** Opening INPUT FOR THIS TASK block **
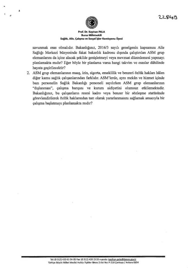 CHP Bursa Milletvekili Prof. Dr. Kayıhan Pala, Aile Sağlığı Merkezlerinde (ASM) çalışan “ASM Grup Elemanları”nın özlük hakları ve hukuki güvencelerden mahrum kalmasıyla ilgili olarak Sağlık Bakanı Kemal Memişoğlu’nun yanıtlaması istemiyle TBMM’ye bir yazılı soru önergesi daha sundu. Pala, sayıları 13 bini aştığı ifade edilen ASM Grup Elemanlarının, resmen sağlık çalışanı kabul edilmedikleri için önemli hak kayıplarına uğradıklarını ve özellikle şiddet vakalarında “beyaz kod” sisteminden yararlanamadıklarını vurguladı.
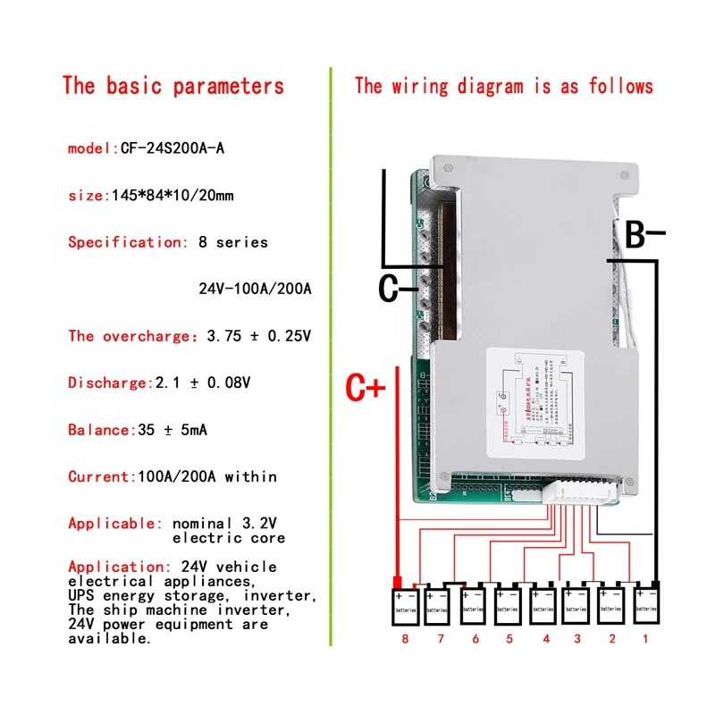 HOT-8S 24V 100A Lifepo4 Battery Protection Board UPS Energy Inverter BMS PCB Board with Balance
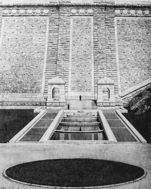 The east pylon of the Kensico Reservoir, with its fountain and cascade basin. Sept. 20, 1917Â Author New York Public Library
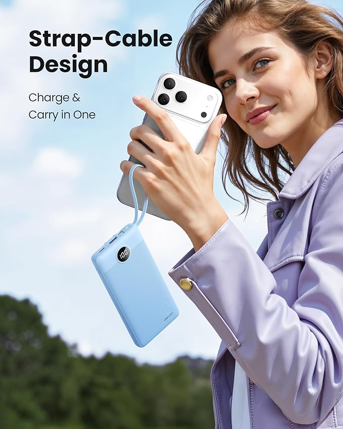- 【Micro USB Game-Changer】Extend it to charge Micro USB devices, then retract it into a handy lanyard for easy carrying. Whether you're gripping it on the go or hanging it from your bag, this portable charger combines convenience with effortless style for seamless travel and daily use.
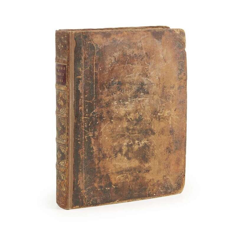 ... through the Country from Pekin to Canton.... London: for T. Cadell and W. Davies, 1806. Second edition. 4to. Contemporary calf, rubbed and worn, rebacked in early 20th-century cloth with original spine and morocco spine label laid down. Illustrated with color frontispiece and seven sheets of plates (four colored and three in black and white; two folding); "Chinese artillery and Chinese Musical Instruments" misbound between pp. 8/9; light to moderate foxing to text and plates. Tooley 84; Abbey Travels 531.
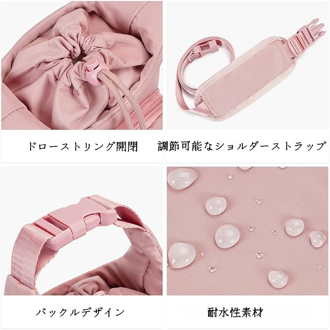 【簡単な巾着】: 巾着留めのデザインにより、ウォーターボトルをしっかりと設置でき、キャリーストラップが付いているので、大人にも子供にも理想的な選択肢です。
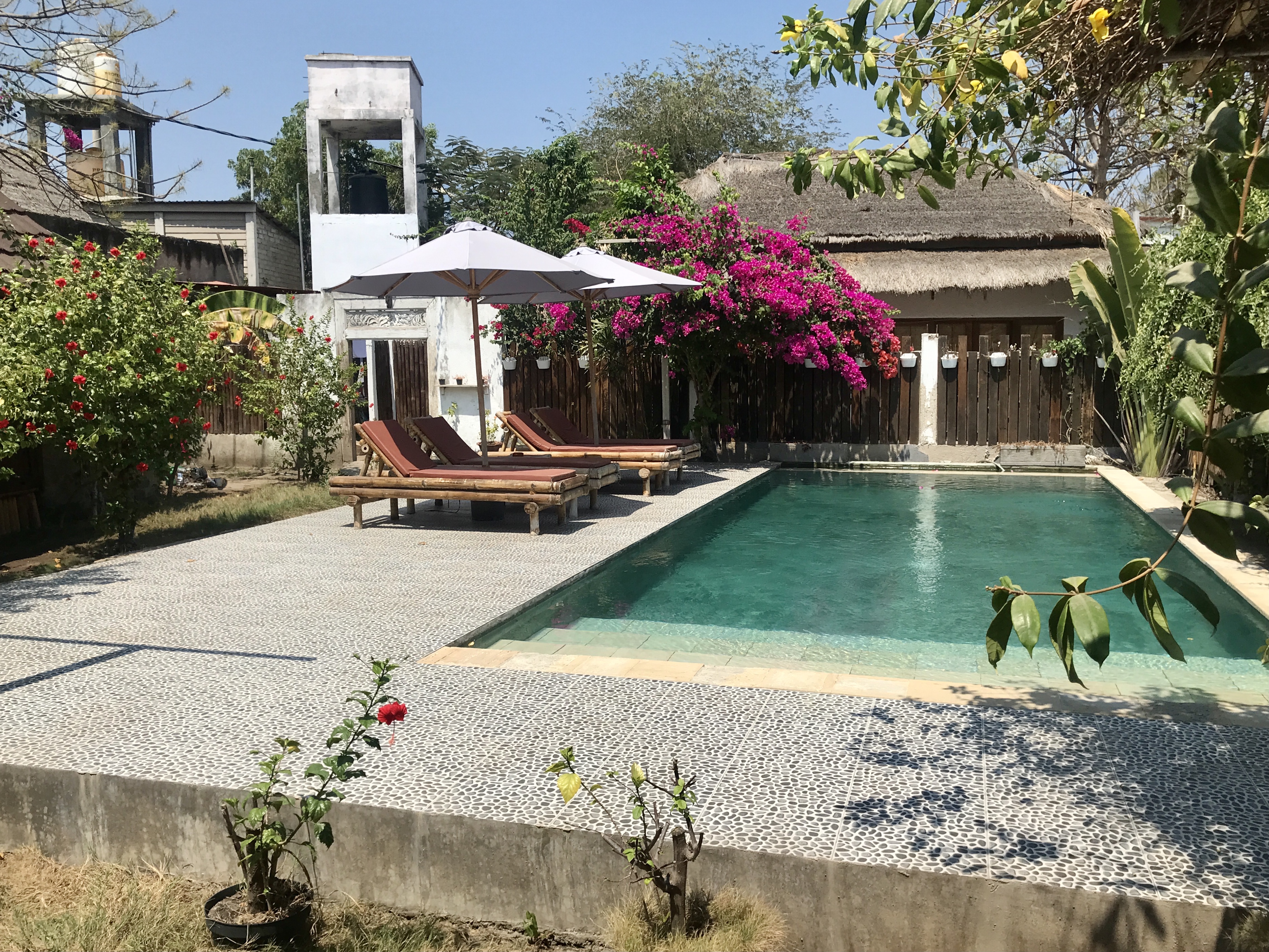 I spent my three nights on the island at the Lonely Planet listed Blu d’a Mare. This offers a collection of around half a dozen 1920’s Javanese bungalow houses set in a garden setting with small pool. Each bungalow features old wooden floors, air conditioning and a modern sunken bathroom, complete with fresh water shower. All of this at the give away price of IND 700,000 per night.
** Closing INPUT FOR THIS TASK block **
**ASSIGNMENT**
Hand back the records above exactly, leaving out every picture.

**TASK OUTPUT**
 CHP Bursa Milletvekili Prof. Dr. Kayıhan Pala, Aile Sağlığı Merkezlerinde (ASM) çalışan “ASM Grup Elemanları”nın özlük hakları ve hukuki güvencelerden mahrum kalmasıyla ilgili olarak Sağlık Bakanı Kemal Memişoğlu’nun yanıtlaması istemiyle TBMM’ye bir yazılı soru önergesi daha sundu. Pala, sayıları 13 bini aştığı ifade edilen ASM Grup Elemanlarının, resmen sağlık çalışanı kabul edilmedikleri için önemli hak kayıplarına uğradıklarını ve özellikle şiddet vakalarında “beyaz kod” sisteminden yararlanamadıklarını vurguladı.
 HOT-8S 24V 100A Lifepo4 Battery Protection Board UPS Energy Inverter BMS PCB Board with Balance
 The east pylon of the Kensico Reservoir, with its fountain and cascade basin. Sept. 20, 1917Â Author New York Public Library
- 【Micro USB Game-Changer】Extend it to charge Micro USB devices, then retract it into a handy lanyard for easy carrying. Whether you're gripping it on the go or hanging it from your bag, this portable charger combines convenience with effortless style for seamless travel and daily use.
 ... through the Country from Pekin to Canton.... London: for T. Cadell and W. Davies, 1806. Second edition. 4to. Contemporary calf, rubbed and worn, rebacked in early 20th-century cloth with original spine and morocco spine label laid down. Illustrated with color frontispiece and seven sheets of plates (four colored and three in black and white; two folding); "Chinese artillery and Chinese Musical Instruments" misbound between pp. 8/9; light to moderate foxing to text and plates. Tooley 84; Abbey Travels 531.
 【簡単な巾着】: 巾着留めのデザインにより、ウォーターボトルをしっかりと設置でき、キャリーストラップが付いているので、大人にも子供にも理想的な選択肢です。
 I spent my three nights on the island at the Lonely Planet listed Blu d’a Mare. This offers a collection of around half a dozen 1920’s Javanese bungalow houses set in a garden setting with small pool. Each bungalow features old wooden floors, air conditioning and a modern sunken bathroom, complete with fresh water shower. All of this at the give away price of IND 700,000 per night.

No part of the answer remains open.